I found that the mid() did not quite work as I expected and I modified as follows:

def mid(s, offset, amount):
    return s[offset-1:offset+amount-1]

I performed the following test:

print('[1]23', mid('123', 1, 1))
print('1[2]3', mid('123', 2, 1))
print('12[3]', mid('123', 3, 1))
print('[12]3', mid('123', 1, 2))
print('1[23]', mid('123', 2, 2))

Which resulted in:

[1]23 1
1[2]3 2
12[3] 3
[12]3 12
1[23] 23

Which was what I was expecting. The original mid() code produces this:

[1]23 2
1[2]3 3
12[3] 
[12]3 23
1[23] 3

But the left() and right() functions work fine. Thank you.
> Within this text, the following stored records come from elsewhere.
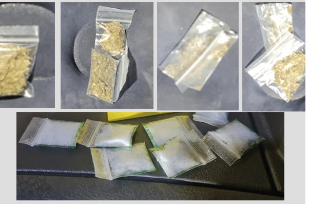 Durante la intervención, las autoridades localizaron 183 dosis de hierba verde seca con características propias de la marihuana, así como 23 dosis de sustancia granulada similar al “cristal”, las cuales eran presuntamente
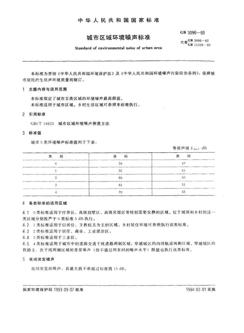 - GB 3096-1993 城市区域环境噪声标准
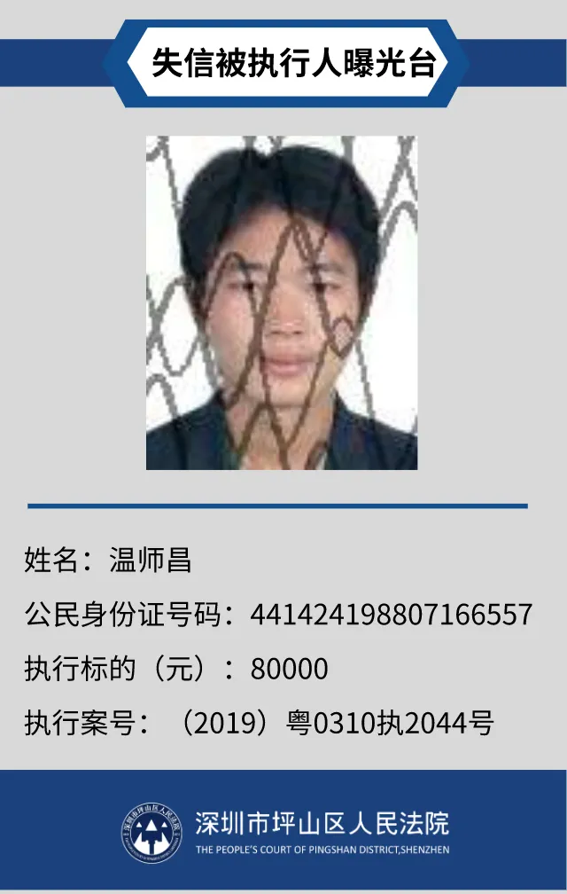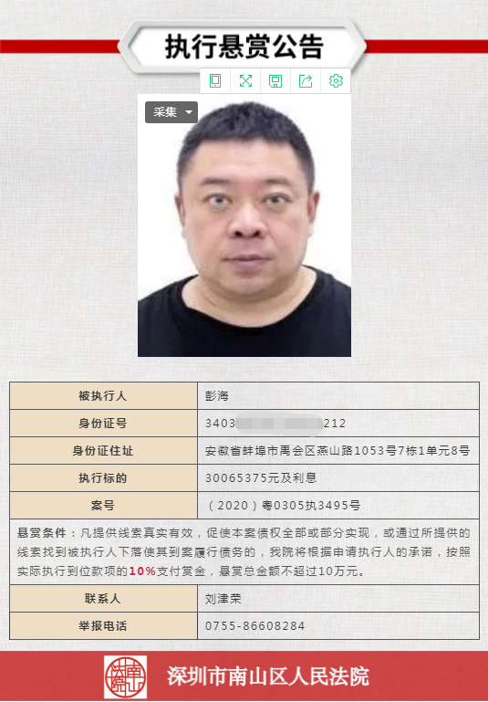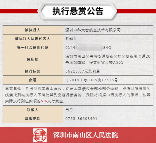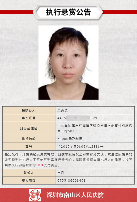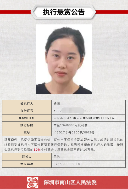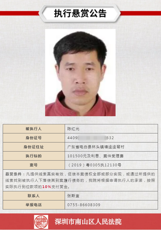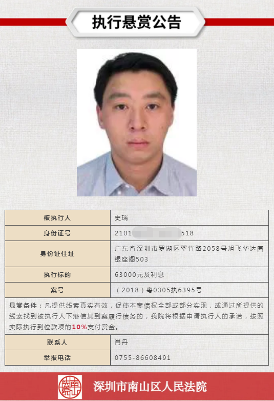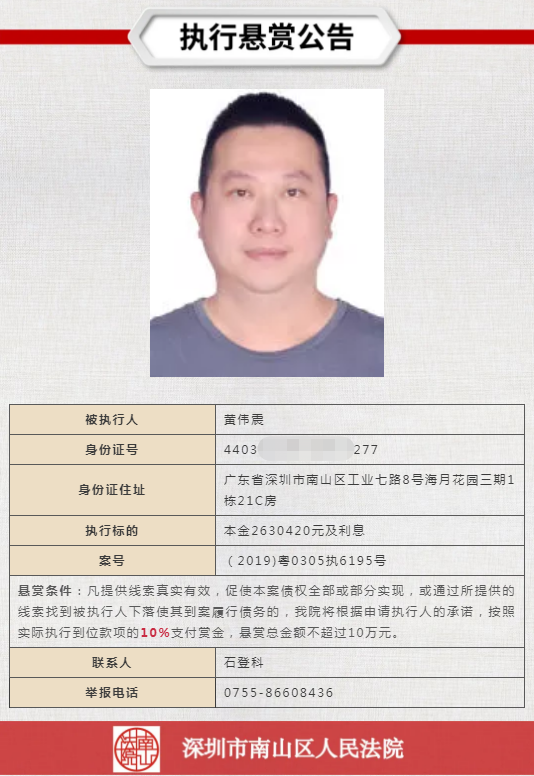 經申請執(zhí)行人申請,深圳市南山區(qū)人民法院向社會發(fā)布懸賞舉報公告,凡提供線索真實有效,促使本案債權全部或部分實現,或通過所提供的線索找到被執(zhí)行人下落使其到案履行債務的,深圳市南山區(qū)人民法院將根據申請執(zhí)行人的承諾,按照實際執(zhí)行到位款項給予一定金額的賞金。
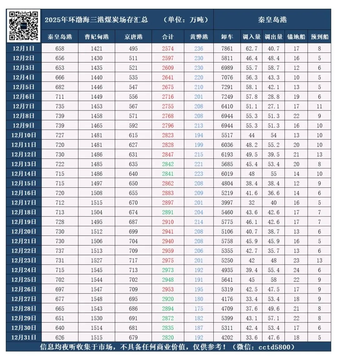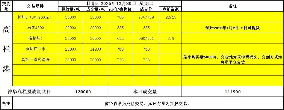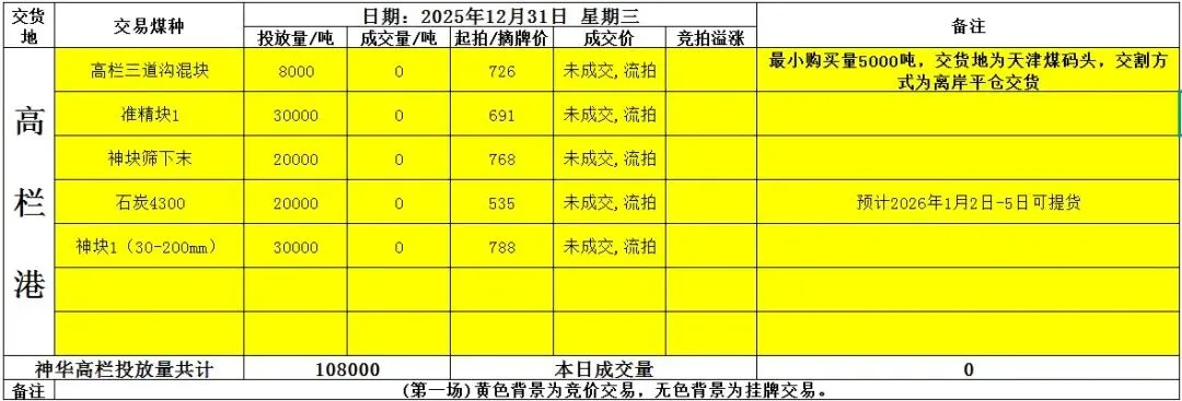 【神华高栏港竞拍以及珠电价格(2025年12月31日)】:

You can use this method also it will act like that

thadari=[1,2,3,4,5,6]

#Front Two(Left)
print(thadari[:2])
[1,2]

#Last Two(Right)# edited
print(thadari[-2:])
[5,6]

#mid
mid = len(thadari) //2

lefthalf = thadari[:mid]
[1,2,3]
righthalf = thadari[mid:]
[4,5,6]

Hope it will help

This is Andy's solution. I just addressed User2357112's concern and gave it meaningful variable names. I'm a Python rookie and preferred these functions.
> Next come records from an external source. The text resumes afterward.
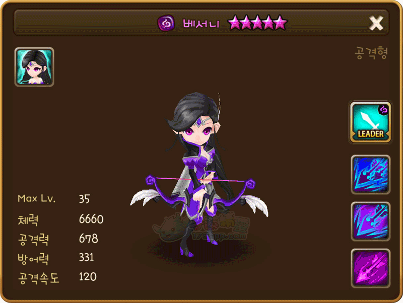 名稱 | 貝瑟尼 | 屬性 | 暗屬性 | 類型 | 攻擊型 | 攻擊速度 | 120 |
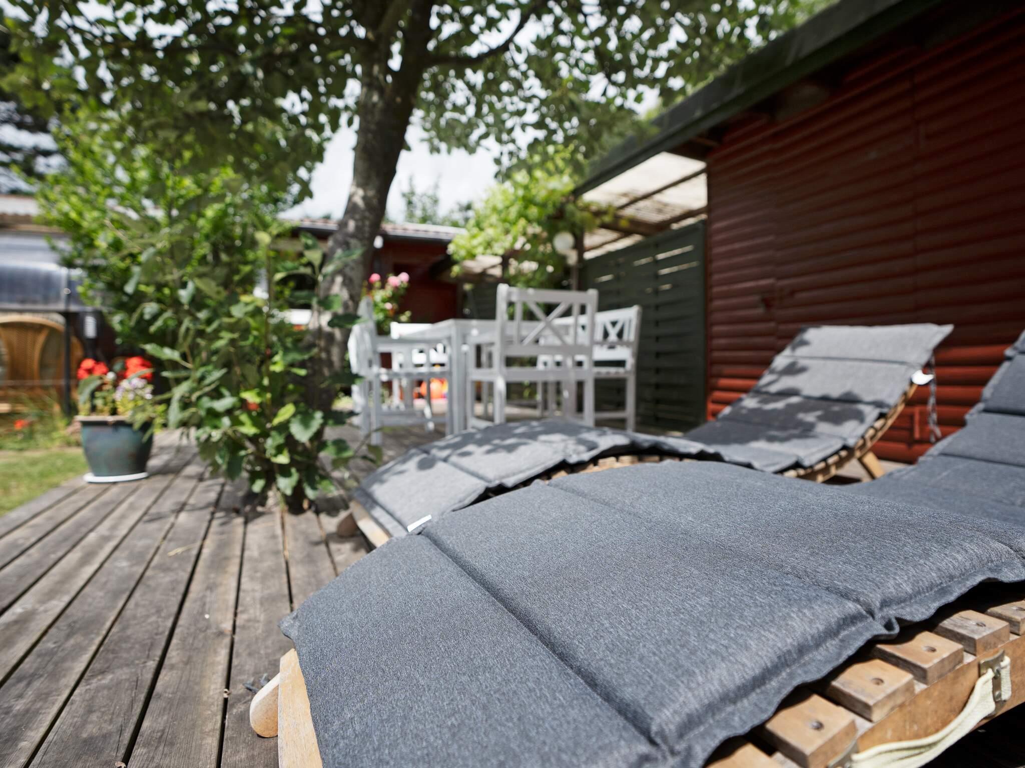 Das eingezäunte Grundstück bietet eine geschützte Fläche für Kleinkinder und Vierbeiner. Im Haus offener Küchen-/Wohnbereich für das Familienleben mit Ess- und Sitzecke sowie Zugang zu der 16 m² großen, verglasten Veranda, auf der Sie auch an kühleren Tagen die Sonne genießen können. Im Haus zudem zwei Schlafzimmer mit jeweils einem Doppelbett und ein Badezimmer mit Dusche und WC.
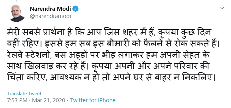प्रधान मंत्री नरेन्द्र मोदी ने एक ट्वीट में नागरिकों से अपील करते हुए कहा है कि मेरी सबसे प्रार्थना है कि आप जिस शहर में हैं, कृपया कुछ दिन वहीं रहिए। इससे हम सब इस बीमारी को फैलने से रोक सकते हैं।
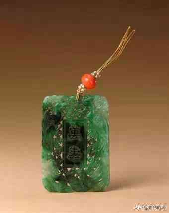 翠镂雕双凤万寿牌,清,长7.3厘米,宽5.1厘米。翠牌长方形,牌体较厚。两面均镂雕双凤相对,凤身下镂雕花卉、朵云纹为地。两面双凤之间分别凸雕“万寿”、“无疆”二字。佩上有系绳,绳上穿有红珊瑚珠。

def left(aString, howMany):
    if howMany <1:
        return ''
    else:
        return aString[:howMany]

def right(aString, howMany):
    if howMany <1:
        return ''
    else:
        return aString[-howMany:]

def mid(aString, startChar, howMany):
    if howMany < 1:
        return ''
    else:
        return aString[startChar:startChar+howMany]

There are built-in functions in Python for "right" and "left", if you are looking for a boolean result.

str = "this_is_a_test"
left = str.startswith("this")
print(left)
> True

right = str.endswith("test")
print(right)
> True

These work great for reading left / right "n" characters from a string, but, at least with BBC BASIC, the LEFT$() and RIGHT$() functions allowed you to change the left / right "n" characters too...

E.g.:

10 a$="00000"
20 RIGHT$(a$,3)="ABC"
30 PRINT a$

Would produce:

00ABC

Edit : Since writing this, I've come up with my own solution...

def left(s, amount = 1, substring = ""):
    if (substring == ""):
        return s[:amount]
    else:
        if (len(substring) > amount):
            substring = substring[:amount]
        return substring + s[:-amount]

def right(s, amount = 1, substring = ""):
    if (substring == ""):
        return s[-amount:]
    else:
        if (len(substring) > amount):
            substring = substring[:amount]
        return s[:-amount] + substring

To return n characters you'd call

substring = left(string,<n>)

Where defaults to 1 if not supplied. The same is true for right()

To change the left or right n characters of a string you'd call

newstring = left(string,<n>,substring)

This would take the first n characters of substring and overwrite the first n characters of string, returning the result in newstring. The same works for right().

Based on the comments above, it would seem that the Right() function could be refactored to handle errors better. This seems to work:

def right(s, amount):
    if s == None:
        return None
    elif amount == None:
        return None # Or throw a missing argument error
    s = str(s)
    if amount > len(s):
        return s
    elif amount == 0:
        return ""
    else:
        return s[-amount:]

print(right("egg",2))
print(right(None, 2))
print(right("egg", None))
print(right("egg", 5))
print("a" + right("egg", 0) + "b")